In Rudin's Real and Complex Analysis, he mentions two (equivalent) forms of Baire's theorem,
$(1)$: for a complete metric space $X$, the intersection of every countable collection of dense open subsets of $X$ is dense in $X$, and
$(2)$: no complete metric space is of the first category
It's not hard to see that $(1) \implies (2)$
For $(2) \implies (1)$, I'm wondering if the following is correct:
For contrapositive, assume that $\{U_i\}_{i=1}^\infty$ is a collection of dense open sets in $X$ s.t. $A = \cap_{i=1}^\infty U_i$ is not dense in $X$. Then there is $x \in X$ s.t. x is not a limit point of $A$, and so there is a ball $B(x; \delta)$, $\delta > 0$, not in $A$. So $B(x; \delta) \subset A^c = \cup_{i=1}^\infty (U_i)^c$.
But then the complete metric space formed by $Y = B(x; \delta)$ is the union of the nowhere dense sets $\{(U_i)^c \cap Y\}_{i=1}^\infty$, contradicting $(2)$.
Initially I tried to show that if $(1)$ fails to hold for a complete metric space $X$, then $X$ is of the first category. But I take it this is not necessarily possible to show (and not necessary for the proof)?

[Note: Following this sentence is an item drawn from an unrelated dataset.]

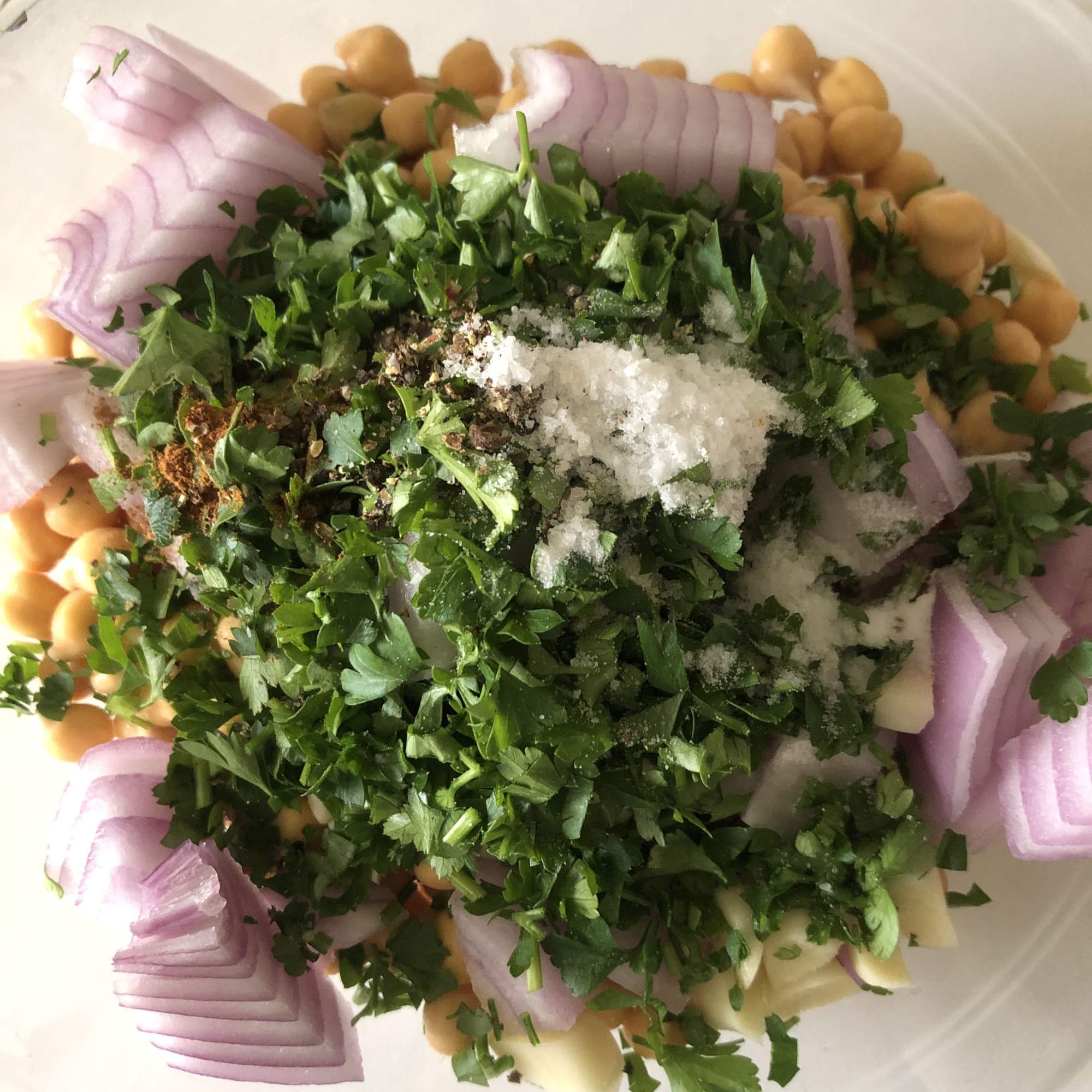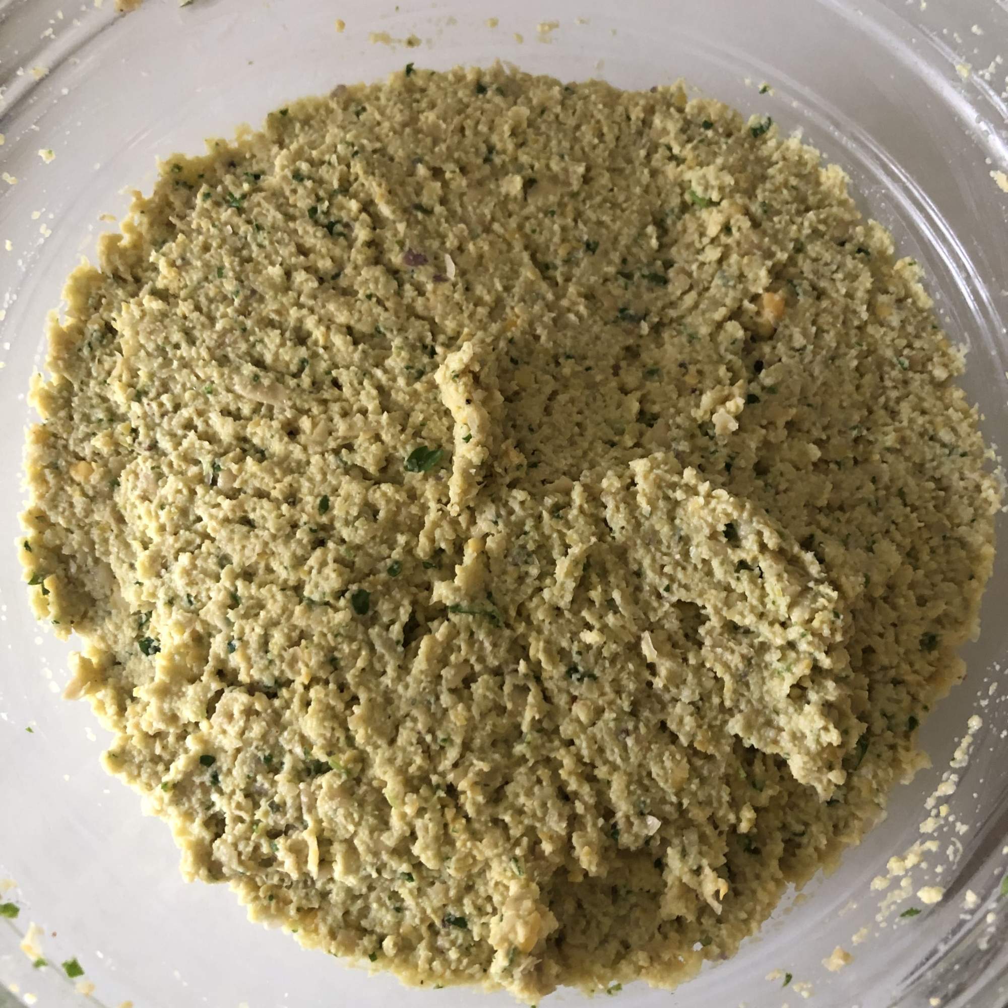Añade las especias (pimienta negra, comino y cayena) y la sal y tritura con la batidora. Tiene que quedar una masa manejable, pero no completamente suave. Deja que se noten los trocitos de garbanzo.

Background: I'm just trying to verify that I understood the contents of this post: The equivalence of different forms of Baire's category theorem in Rudin's Real and Complex Analysis
Best Answer
Your proof is correct provided you already know that there is an equivalent metric on $B(x,\delta)$ which makes it complete. With the original metric this is not complete (except in trivial cases).
If $V$ is an open set in a complete metric sapec $(X,d)$ then $D(x,y)=d(x,y)+|\frac 1 {d(x,X\setminus V)}-\frac 1 {d(y,X\setminus V)}|$ defines an equivalent metric which makes $V$ complete.